An inequality for Jacobi polynomials: a complement to Finite Increment Theorem

Denote by $\tau$ the largest zero of $T_{n}^{\prime\prime}$, then

$$\cos\frac{2\pi}{n}<\tau<\cos\frac{\pi}{n}\,.$$

$T_{n}^{\prime\prime}(x)$ increases monotonically in $[\tau,1]$, therefore

$$T_{n}^{\prime}(1)-T_{n}^{\prime}(x)=\int\limits_{x}^{1}T_{n}^{\prime\prime}(u)\,du\geq(1-x)T_{n}^{\prime\prime}(x),\quad x\in[\tau,1],$$

with the equality only when $x=1$. Now the assertion of Theorem B obviously follows when $n=3$, and we assume in what follows $n\geq 4$. Since the left-hand side of (3) is positive in $[0,1)$ while $\,T_{n}^{\prime\prime}(x)<0$ for $x\in\big[\cos\frac{2\pi}{n},\tau\big)$, it follows that (3) holds true with $">"$ sign when $x\in\big[\cos\frac{2\pi}{n},\tau\big)$. Thus, we need to prove the inequality in (3) for $x\in[0,\cos\frac{2\pi}{n})$ and $n\geq 5$. Let us set

(7)

$$\mathcal{L}(x)=y^{\prime}(1)-y^{\prime}(x)-(1-x)y^{\prime\prime}(x)\,,\qquad y=T_{n}(x)\,.$$

By using the differential equation for $y$ (see, e.g., [4, Eqn. (1.92)])

(8)

$$(1-x^{2})y^{\prime\prime}(x)-x\,y^{\prime}(x)+n^{2}y(x)=0$$

and the representations

$$T_{n}(x)=\cos n\theta,\ T_{n}^{\prime}(x)=n\,\frac{\sin n\theta}{\sin\theta},\quad x=\cos\theta,$$

we find

$$\mathcal{L}(0)=\begin{cases}2n^{2},&\text{ if }n\equiv 0\,(\!\!\!\!\mod 4),\\ n^{2}-n,&\text{ if }n\equiv 1\,(\!\!\!\!\mod 4),\\ 0,&\text{ if }n\equiv 2\,(\!\!\!\!\mod 4),\\ n^{2}+n,&\text{ if }n\equiv 3\,(\!\!\!\!\mod 4).\end{cases}$$

Thus, $\mathcal{L}(0)\geq 0$ and the equality is attained only when $n=4k+2,\ k\in\mathbb{N}$. It remains to prove that $\mathcal{L}(x)>0$ for $x\in(0,\cos\frac{2\pi}{n})$, and it suffices to verify this inequality at the points of local extremum of $\mathcal{L}(x)$ therein.
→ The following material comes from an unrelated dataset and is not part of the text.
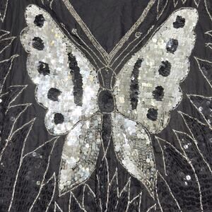 100% PURE SILK Vintage 70s 80s Sequins Butterfly Blouse S/M Small Medium OSFM

Since $\mathcal{L}^{\prime}(x)=(1-x)y^{\prime\prime\prime}(x)$, the latter points are the zeros of $y^{\prime\prime\prime}(x)$ in $\,(0,\cos\frac{2\pi}{n})$. Let $t\in(0,\cos\frac{2\pi}{n})\,$ be a zero of $y^{\prime\prime\prime}(x)$. Note that

$$\cos\frac{2\pi}{n}=1-2\sin^{2}\frac{\pi}{n}<1-2\Big(\frac{2}{\pi}\frac{\pi}{n}\Big)^{2}=1-\frac{8}{n^{2}}\,,$$

therefore

$$0<t<1-\frac{8}{n^{2}}\,.$$

Differentiating (8) at $x=t$ and using $y^{\prime\prime\prime}(t)=0$, we express $y^{\prime\prime}(t)$ through $y^{\prime}(t)$ as

$$y^{\prime\prime}(t)=\frac{n^{2}-1}{3t}\,y^{\prime}(t).$$

By plugging this expression in equation (8) with $x=t$, we obtain

(9)

$$y^{\prime}(t)=-\frac{3n^{2}t}{n^{2}-1-(n^{2}+2)t^{2}}\,y(t)\,,$$

and consequently

(10)

$$y^{\prime\prime}(t)=-\frac{n^{2}(n^{2}-1)}{n^{2}-1-(n^{2}+2)t^{2}}\,y(t)\,.$$

Now we replace $y^{\prime}(1)=n^{2}$ and the expressions from (9) and (10) in $\mathcal{L}(t)$ to obtain

(11)

$$\mathcal{L}(t)=n^{2}\Big[1+\frac{n^{2}-1-(n^{2}-4)t}{n^{2}-1-(n^{2}+2)t^{2}}\,y(t)\Big]\,.$$

The quotient in front of $y(t)$ in the last expression is positive. Indeed, this is obvious for the numerator, and for the denominator follows from

$$t^{2}<t<1-\frac{8}{n^{2}}<1-\frac{3}{n^{2}+2}=\frac{n^{2}-1}{n^{2}+2}\,.$$

Since $y(t)\geq-1$, we conclude from (11) that

$$\mathcal{L}(t)\geq n^{2}\Big[1-\frac{n^{2}-1-(n^{2}-4)t}{n^{2}-1-(n^{2}+2)t^{2}}\Big]=\frac{t\big[n^{2}-4-(n^{2}+2)t)\big]}{n^{2}-1-(n^{2}+2)t^{2}}\,.$$

The numerator of the last quotient is positive, which is seen from

$$t<1-\frac{8}{n^{2}}<1-\frac{6}{n^{2}+2}=\frac{n^{2}-4}{n^{2}+2}\,.$$

Hence, $\mathcal{L}(t)>0$ and the proof of Theorem B is accomplished.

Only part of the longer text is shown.